WHAT THE TASK ASKS →
Print the lines below word for word, beginning with the first and ending with the line that holds "First introduced for", and skip every picture.

DATASET EXTRACT →
....

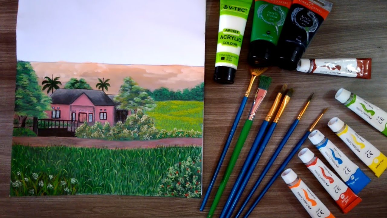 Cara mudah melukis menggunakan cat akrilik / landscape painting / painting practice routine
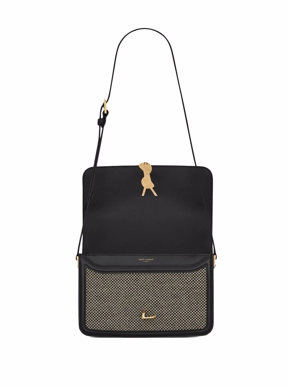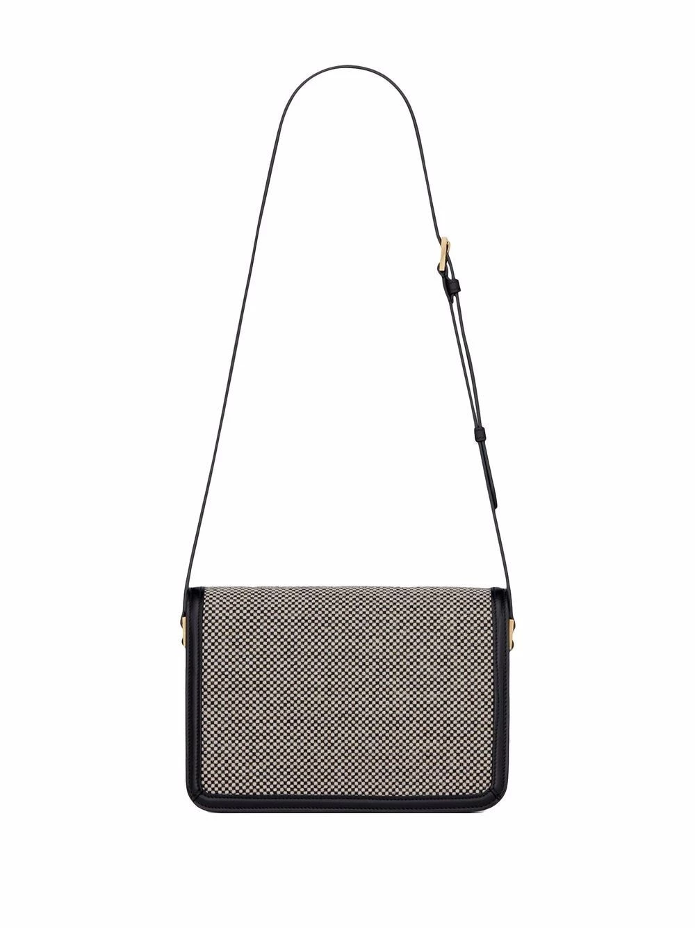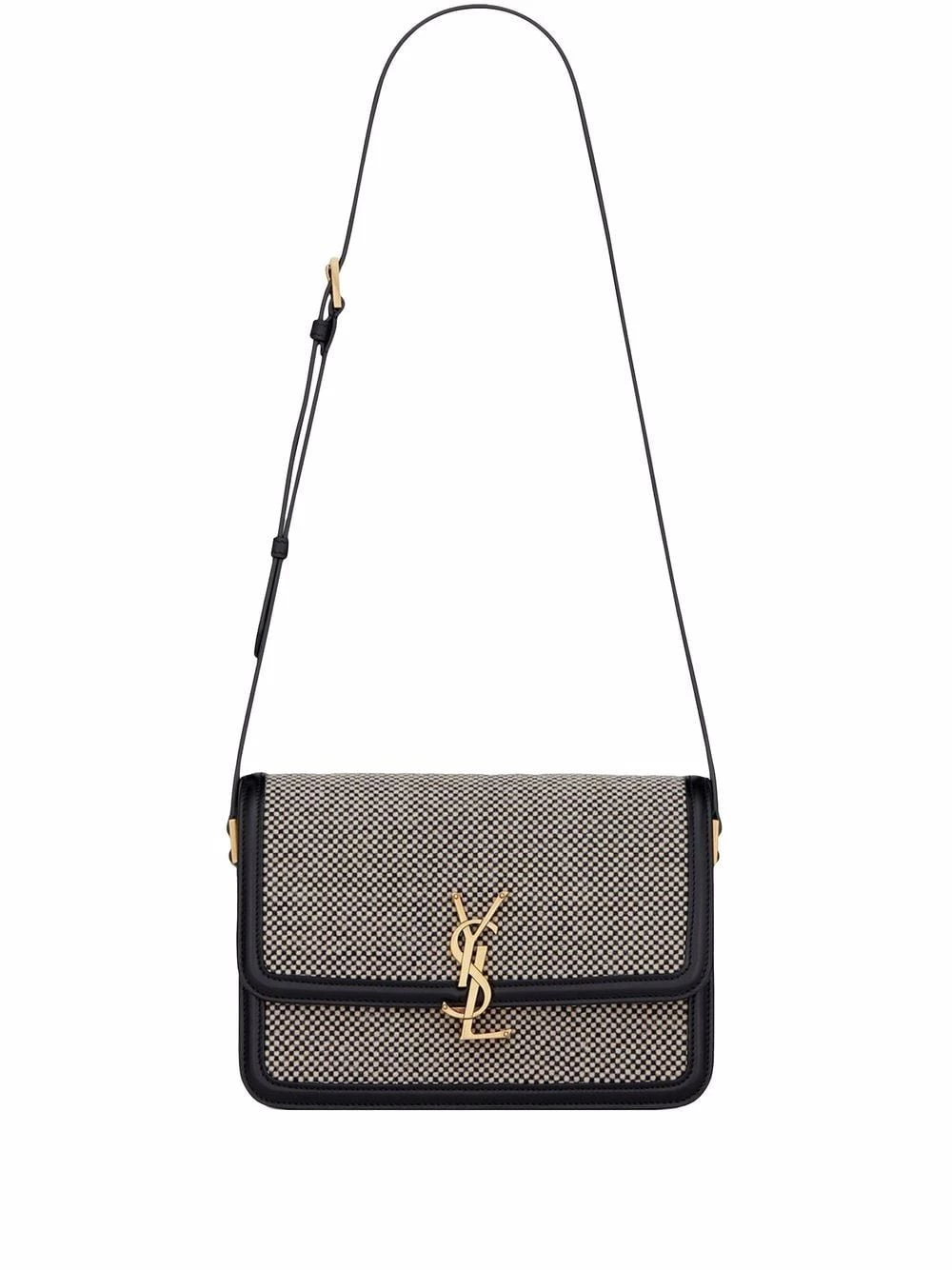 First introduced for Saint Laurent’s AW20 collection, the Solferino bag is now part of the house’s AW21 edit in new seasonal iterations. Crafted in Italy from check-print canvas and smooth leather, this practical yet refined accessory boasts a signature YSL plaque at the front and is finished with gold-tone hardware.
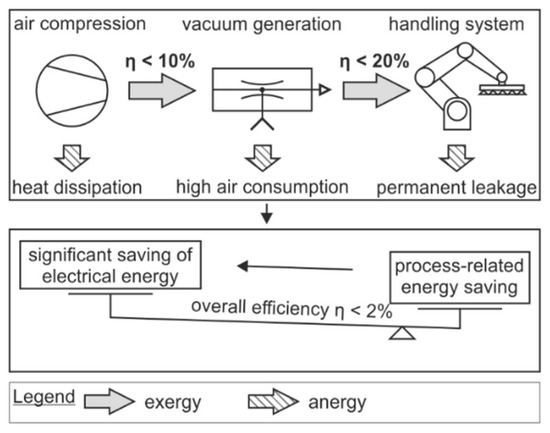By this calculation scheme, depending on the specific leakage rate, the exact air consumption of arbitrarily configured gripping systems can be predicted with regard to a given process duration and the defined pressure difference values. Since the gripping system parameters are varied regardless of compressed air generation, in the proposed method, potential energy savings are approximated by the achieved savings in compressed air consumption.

....

OUTPUT OF THE TASK →
 Cara mudah melukis menggunakan cat akrilik / landscape painting / painting practice routine
 First introduced for Saint Laurent’s AW20 collection, the Solferino bag is now part of the house’s AW21 edit in new seasonal iterations. Crafted in Italy from check-print canvas and smooth leather, this practical yet refined accessory boasts a signature YSL plaque at the front and is finished with gold-tone hardware.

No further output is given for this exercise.